▶ [GIVEN RECORDS]

◇ ◇ ◇ ◇ ◇ ◇ ◇

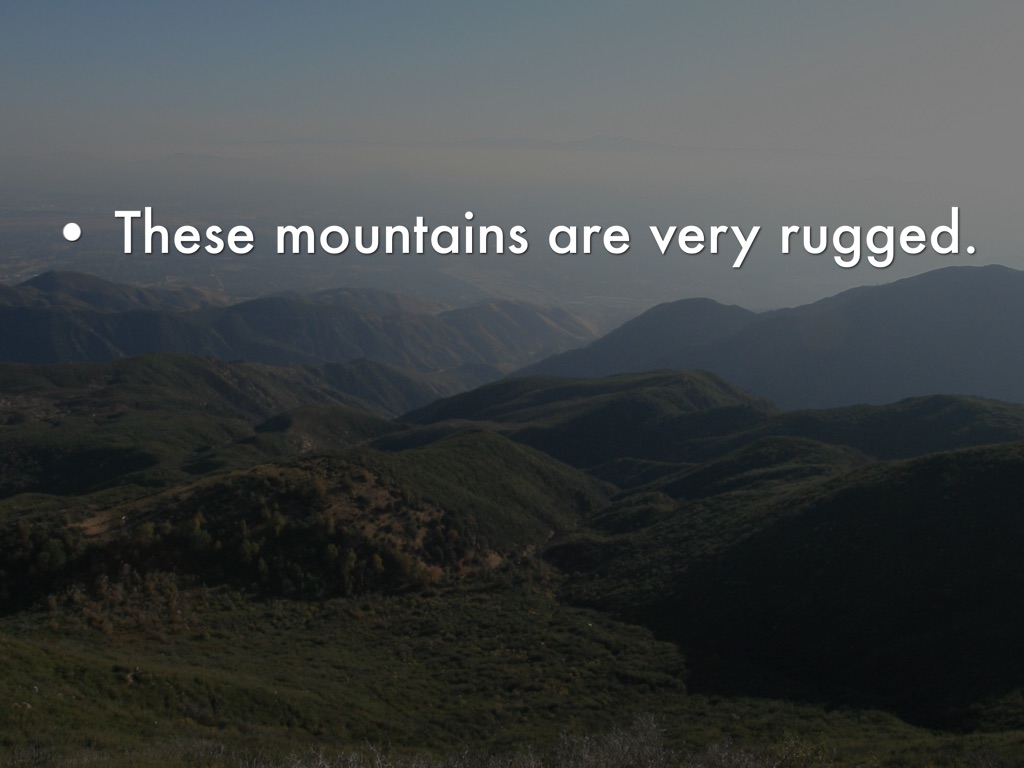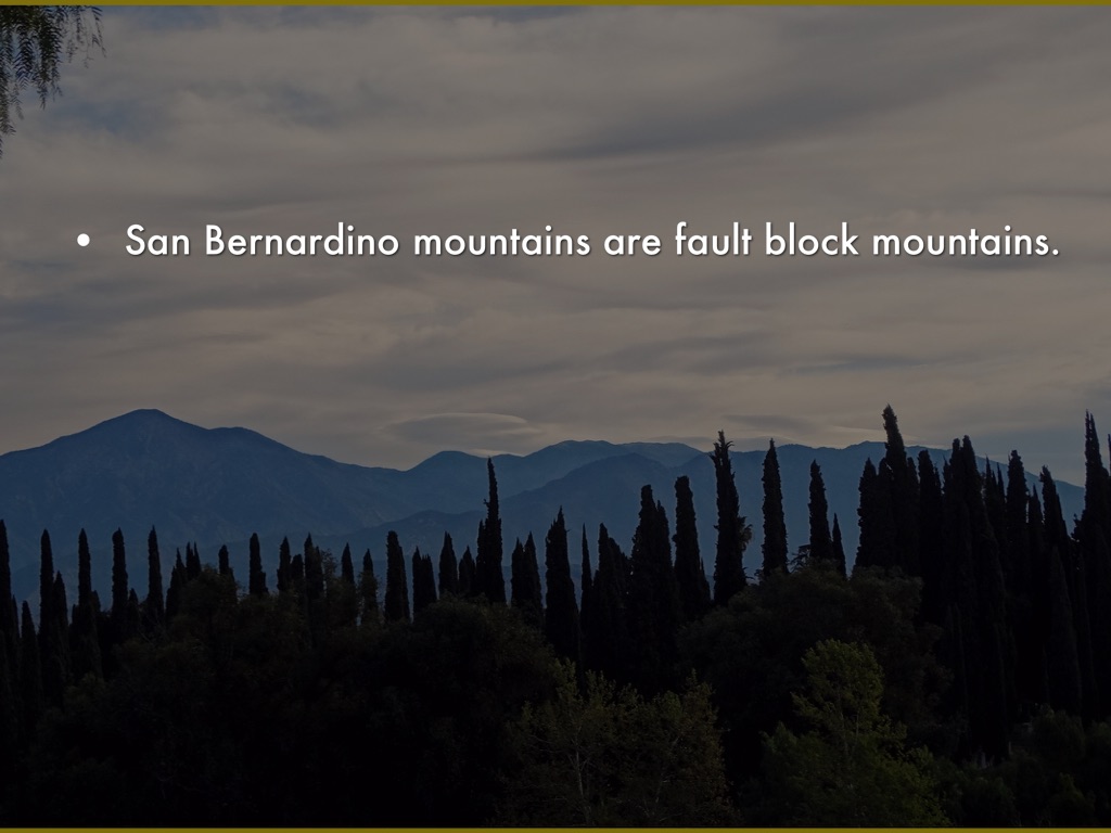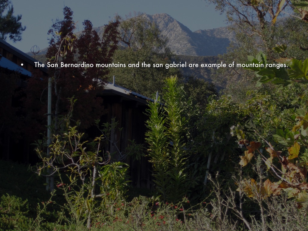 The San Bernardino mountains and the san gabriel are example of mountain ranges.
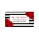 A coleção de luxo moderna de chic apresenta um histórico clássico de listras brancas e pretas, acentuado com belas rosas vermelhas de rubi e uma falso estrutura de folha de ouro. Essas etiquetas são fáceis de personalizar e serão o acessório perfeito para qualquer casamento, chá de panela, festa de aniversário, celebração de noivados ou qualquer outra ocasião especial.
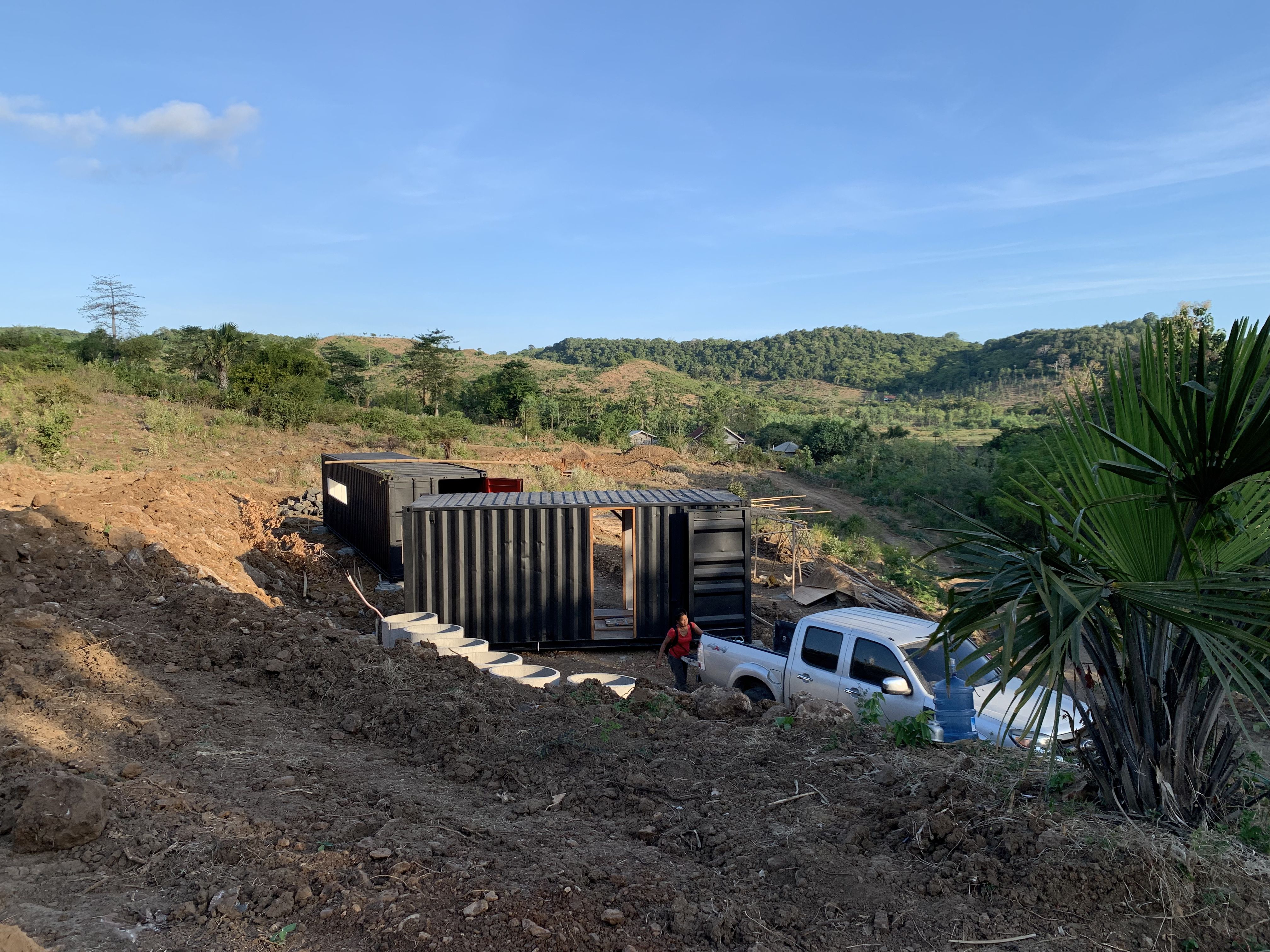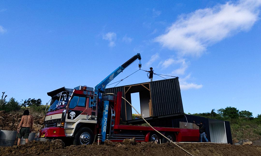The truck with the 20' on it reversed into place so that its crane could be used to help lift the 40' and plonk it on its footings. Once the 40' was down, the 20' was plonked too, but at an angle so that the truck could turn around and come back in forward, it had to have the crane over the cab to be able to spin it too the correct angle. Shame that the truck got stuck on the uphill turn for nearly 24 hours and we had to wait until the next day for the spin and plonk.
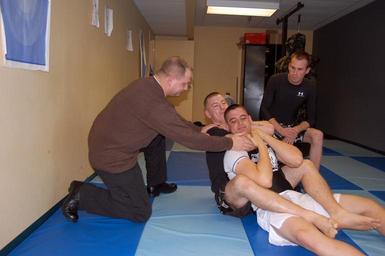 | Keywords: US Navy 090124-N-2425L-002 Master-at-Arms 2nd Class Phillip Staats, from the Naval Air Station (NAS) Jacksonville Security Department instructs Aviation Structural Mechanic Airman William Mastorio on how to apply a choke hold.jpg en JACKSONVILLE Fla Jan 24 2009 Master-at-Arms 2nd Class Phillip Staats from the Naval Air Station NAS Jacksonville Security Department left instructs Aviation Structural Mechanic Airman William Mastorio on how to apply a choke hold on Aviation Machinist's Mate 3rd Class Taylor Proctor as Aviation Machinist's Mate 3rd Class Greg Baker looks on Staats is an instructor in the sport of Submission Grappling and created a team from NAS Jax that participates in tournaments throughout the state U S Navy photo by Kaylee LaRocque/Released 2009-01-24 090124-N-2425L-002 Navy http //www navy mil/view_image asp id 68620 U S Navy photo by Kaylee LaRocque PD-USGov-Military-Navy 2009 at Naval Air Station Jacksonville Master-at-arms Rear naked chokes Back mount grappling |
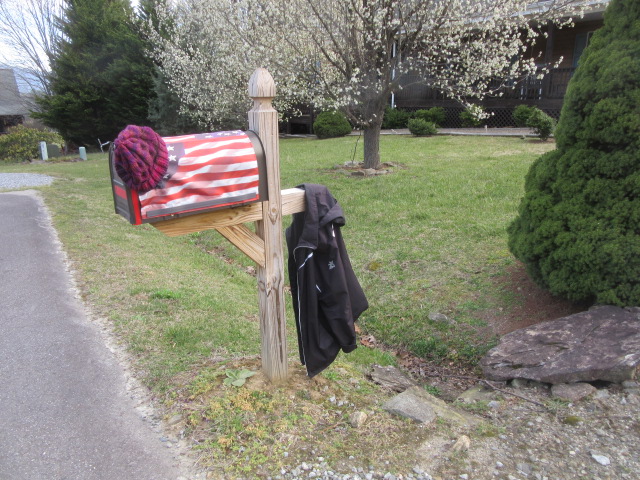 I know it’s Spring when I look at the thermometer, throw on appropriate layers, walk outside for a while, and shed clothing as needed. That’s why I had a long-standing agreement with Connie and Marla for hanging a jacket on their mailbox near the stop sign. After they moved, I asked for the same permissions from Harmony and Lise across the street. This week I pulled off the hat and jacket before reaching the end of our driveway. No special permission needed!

◇ ◇ ◇ ◇ ◇ ◇ ◇

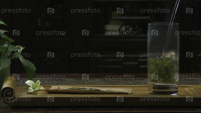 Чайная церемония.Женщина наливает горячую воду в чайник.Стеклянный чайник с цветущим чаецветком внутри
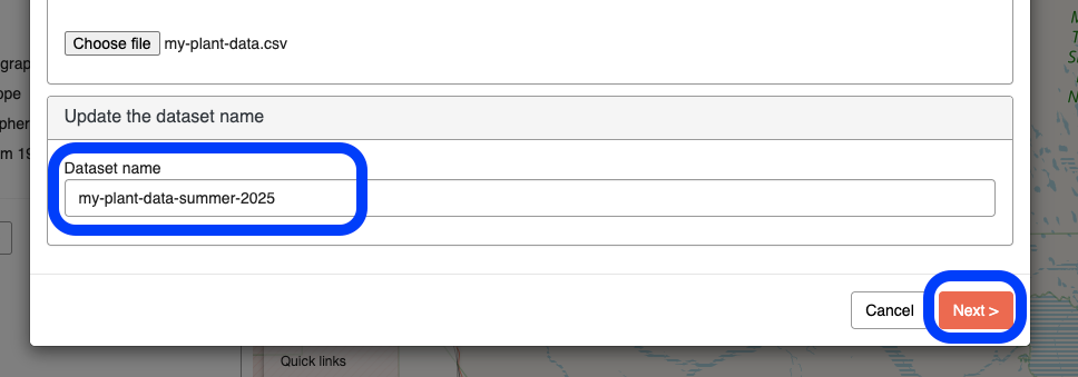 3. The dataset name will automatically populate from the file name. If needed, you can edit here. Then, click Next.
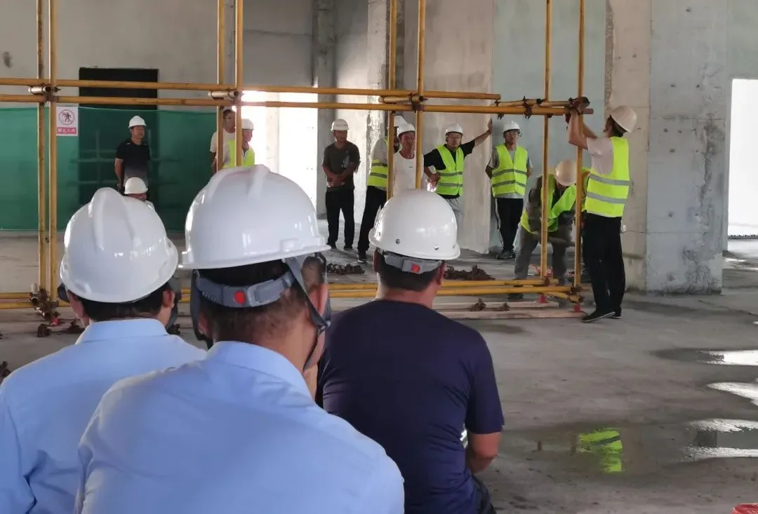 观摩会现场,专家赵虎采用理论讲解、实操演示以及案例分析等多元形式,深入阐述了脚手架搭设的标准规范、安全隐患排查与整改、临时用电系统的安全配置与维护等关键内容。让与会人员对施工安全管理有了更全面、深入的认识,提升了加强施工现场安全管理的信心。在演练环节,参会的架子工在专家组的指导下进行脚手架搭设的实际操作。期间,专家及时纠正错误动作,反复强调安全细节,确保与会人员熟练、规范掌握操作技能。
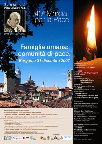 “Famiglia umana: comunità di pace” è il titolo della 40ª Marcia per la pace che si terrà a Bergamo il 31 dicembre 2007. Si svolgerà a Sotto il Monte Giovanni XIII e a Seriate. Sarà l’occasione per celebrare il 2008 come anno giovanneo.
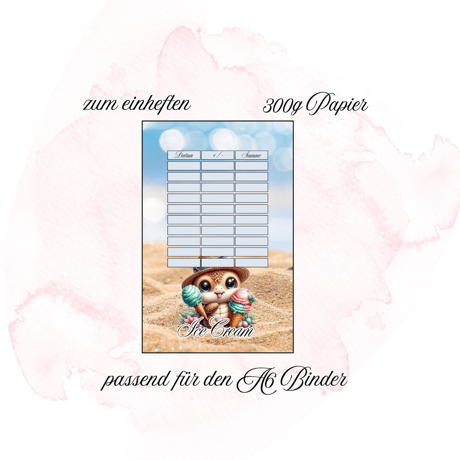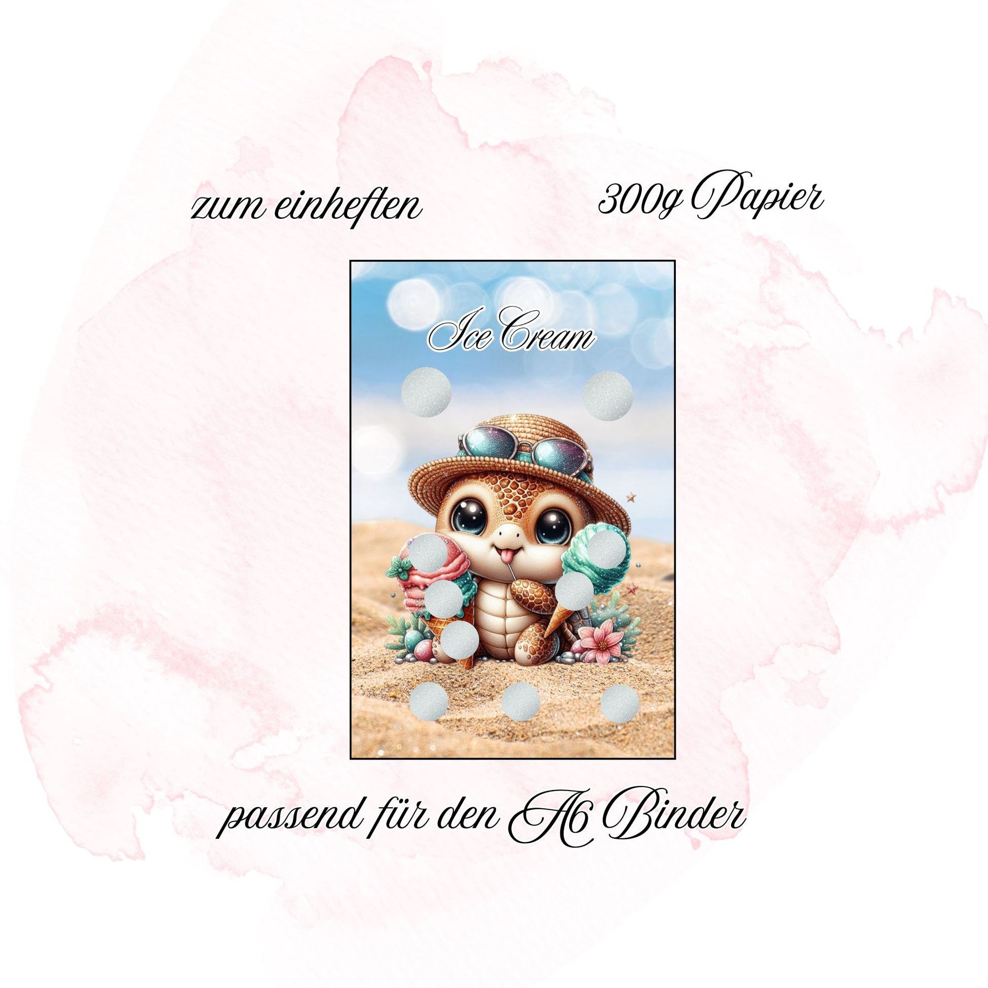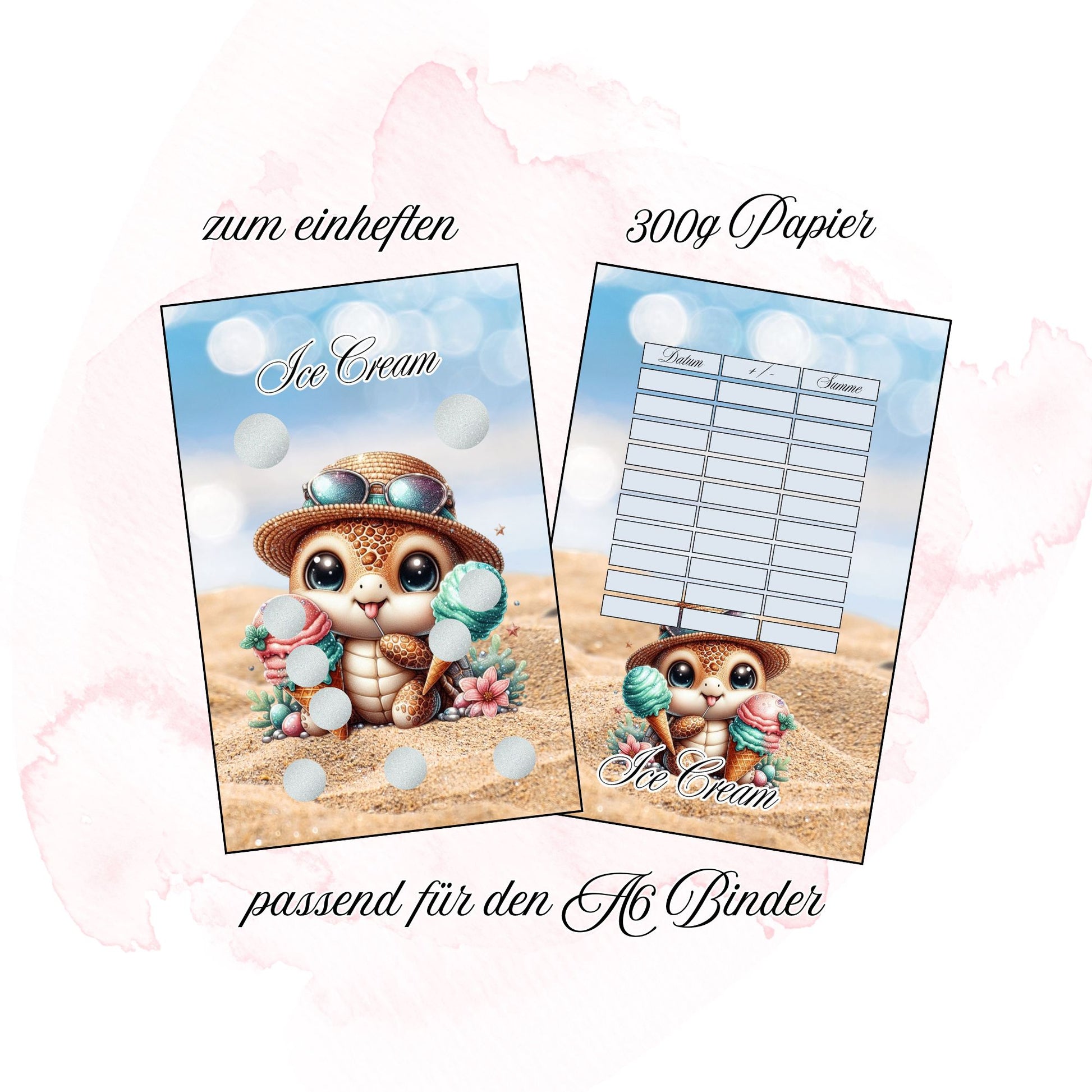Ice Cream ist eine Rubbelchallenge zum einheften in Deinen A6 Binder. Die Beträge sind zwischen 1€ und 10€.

◇ ◇ ◇ ◇ ◇ ◇ ◇

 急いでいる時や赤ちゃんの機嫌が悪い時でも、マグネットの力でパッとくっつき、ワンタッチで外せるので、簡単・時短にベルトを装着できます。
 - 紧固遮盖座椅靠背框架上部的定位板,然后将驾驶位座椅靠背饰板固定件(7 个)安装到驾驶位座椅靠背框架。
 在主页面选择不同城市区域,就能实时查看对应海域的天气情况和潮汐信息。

◇ ◇ ◇ ◇ ◇ ◇ ◇

Among the lines above, the one with "come anno giovanneo." opens the part to repeat and the one with "Ice Cream ist" closes it; repeat only that part exactly, with no pictures.

 “Famiglia umana: comunità di pace” è il titolo della 40ª Marcia per la pace che si terrà a Bergamo il 31 dicembre 2007. Si svolgerà a Sotto il Monte Giovanni XIII e a Seriate. Sarà l’occasione per celebrare il 2008 come anno giovanneo.
Ice Cream ist eine Rubbelchallenge zum einheften in Deinen A6 Binder. Die Beträge sind zwischen 1€ und 10€.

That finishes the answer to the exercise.